To access a particular attribute, type in name you've given your dataset followed by a period ("."). Find the temporal range of this dataset i.e what time period the data was collected over. 

In [17]:
#example:
print(data.creator_email) 

data@oceancolor.gsfc.nasa.gov


Our global sea surface temperature data is saved as a two-dimensional array. 

Take a break a play the Battleship Game: https://www.battleshiponline.org. You are given a grid (i.e a two dimensional array) and you have identify where your enemy ships are by selecting a x and y coordinate on the grid.

Similarly for our data, the x-axis is latitude ('lat') and the y-axis is longitude ('lon'). The sea surface temperature is like the location of the ships. It provides additional information for each location point selected.

![lat and long grid](https://www.ncl.ucar.edu/Applications/Images/mapgrid_1_lg.png)

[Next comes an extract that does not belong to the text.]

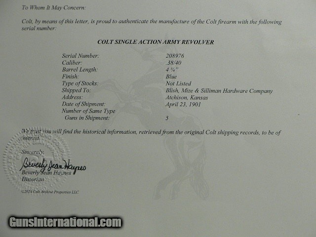 Description: ---------------SOLD----------------- Colt SAA 1901 Colt Single Action Army 38 WCF 4 ¾” Barrel, this is a gray patina gun, Manufactured in Hartford Connecticut in 1901 it has colt two line barrel address and on the right side of the barrel is 38 WCF roll on the frame is two line patent address with horse in a circle all matching serial number. The screws are in excellent condition in excellent working condition comes with original one piece Ivory are nice old yellow grips that has HC carved into the grips just think this could stand for Hopalong Cassidy don’t know. The bore is good 8+ out of a 1 – 10 and 10 being the best with a little erosion. Comes with a factory letter shipped to Blish, Mize & Silliman hardware Company in Atchison Kansas April 23, 1901. Serial number 2089XX Shipping $50.00 SOLD Curio/Relic: Yes Handgun Caliber: .38-40 Winchester (.38 WCF) Manufacturer: Colt Model: SAA Barrel Length: 4 3/4 Chambers: 38 WCF Condition: Good |
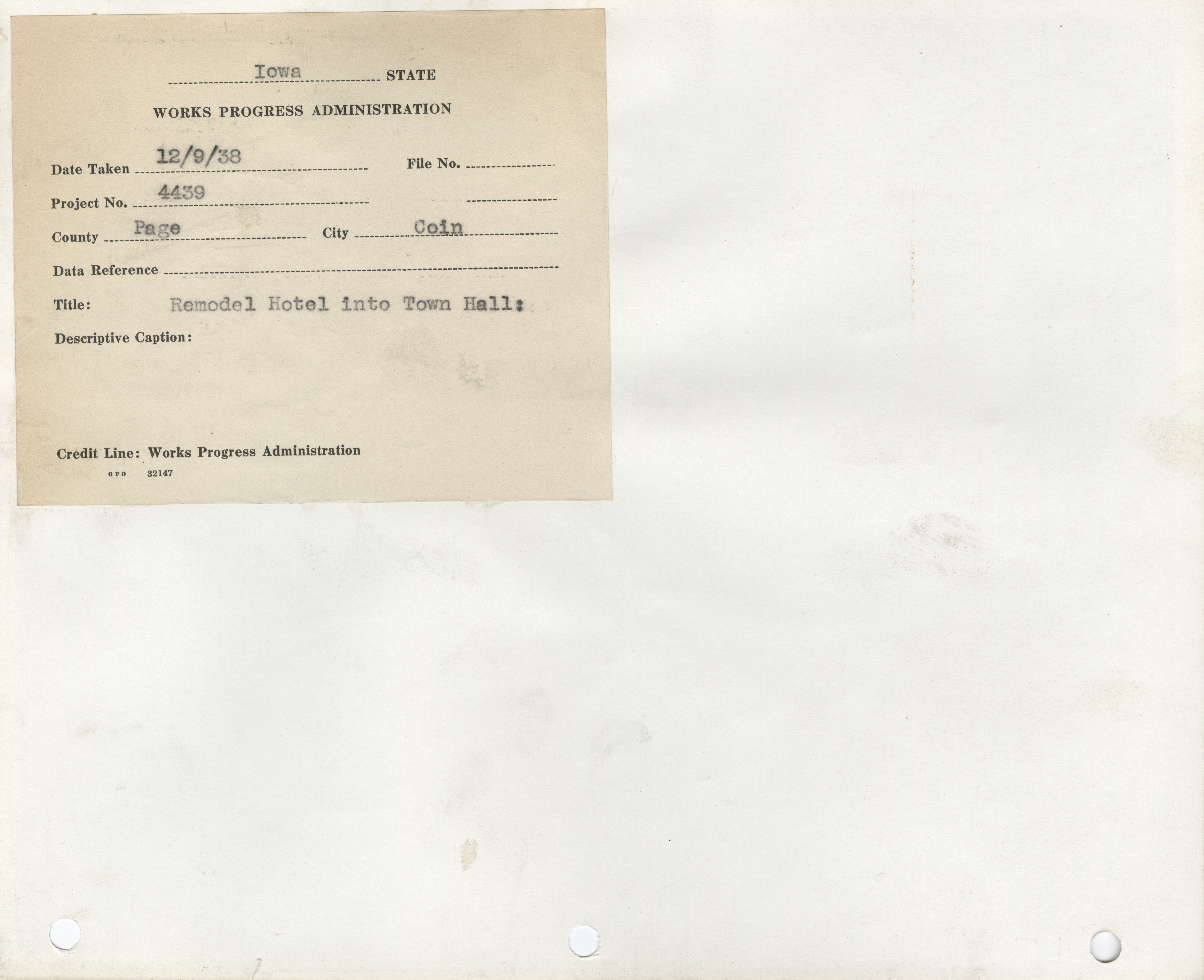 - Public Buildings. Page County. Coin. Remodeling Hotel into Town Hall. Project 4439. (1 b/w photograph), 1938

The dimensions tell you the size of the dataset. You can access the dimensions of the dataset by calling **dataset.dimensions**. Notice that the output is a dictionary. 

There are also some dimensions that do not have any physical meaning namely 'rgb' and 'eightbitcolor'. These will become useful when mapping the data and will ignore them for now. 

In [18]:
data.dimensions

OrderedDict([('lat',
              <class 'netCDF4._netCDF4.Dimension'>: name = 'lat', size = 4320),
             ('lon',
              <class 'netCDF4._netCDF4.Dimension'>: name = 'lon', size = 8640),
             ('rgb',
              <class 'netCDF4._netCDF4.Dimension'>: name = 'rgb', size = 3),
             ('eightbitcolor',
              <class 'netCDF4._netCDF4.Dimension'>: name = 'eightbitcolor', size = 256)])

We can see the "keys," or dimension names, with **dataset.dimensions.keys()**

In [19]:
data.dimensions.keys()

odict_keys(['lat', 'lon', 'rgb', 'eightbitcolor'])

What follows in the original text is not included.